Alternative giving is a form of gift giving in which the giver makes a donation to a charitable organization on the gift recipient's behalf, rather than giving them an item. The idea of giving something to one person by paying another was applied by Benjamin Franklin as a "trick ... for doing a deal of good with a little money", which came to be known as "pay it forward". This form of giving is often used as an alternative to consumerism and to mitigate the impact of gift-giving on the environment.

Charities that promote this type of donating will normally provide a card or certificate describing the donation, often with an example of how the donation will be used (such as one day's worth of food for a hungry person) or a symbolic denomination, called "ownership" or "adoption" (of an animal or a tree for example). Some charities promote alternative giving at weddings in place of wedding favors, normally providing several cards to be left on tables at the reception letting guests know a donation has been made rather than individual cards for each guest.
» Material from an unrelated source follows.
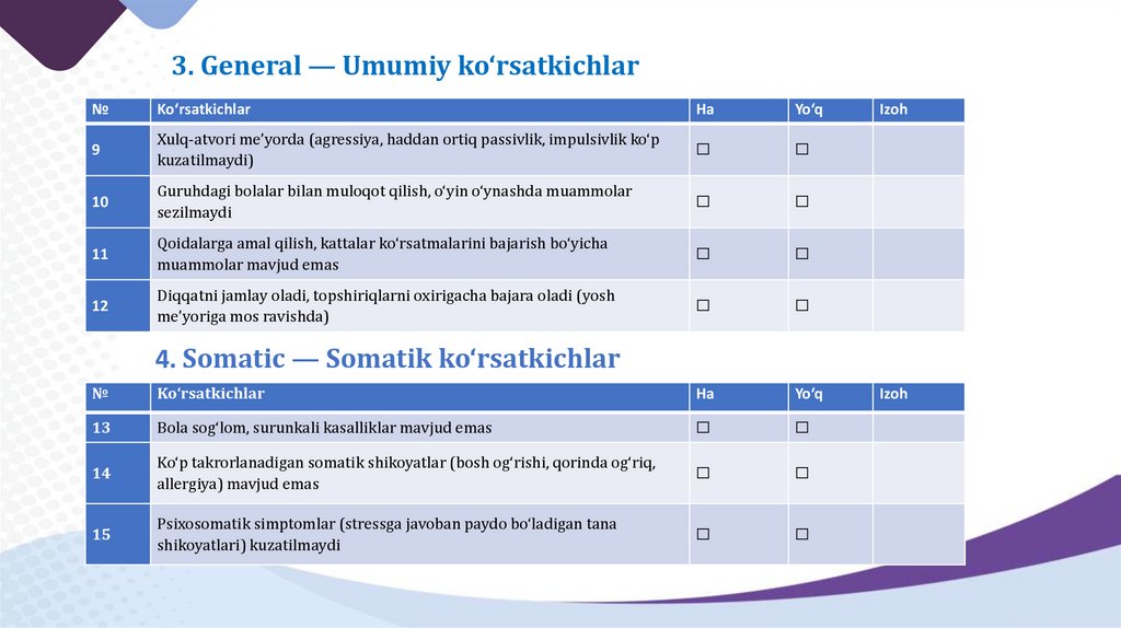 9–12 ta “Ha” javobi — ayrim rivojlanish/emotsional/somatik yo‘nalishlarda qo‘shimcha kuzatuv va

In 2011, Catherine Middleton and Prince William made the decision to "pay it forward" with their wedding gifts, asking that the money to be used for gifts be given to charities and good causes.

The concept was spoofed in the 1997 Seinfeld episode "The Strike". George Costanza, angry at having received a donation to charity instead of an actual gift, made up his own non-existent charity and handed out fake donations to save money on gifts and cheques.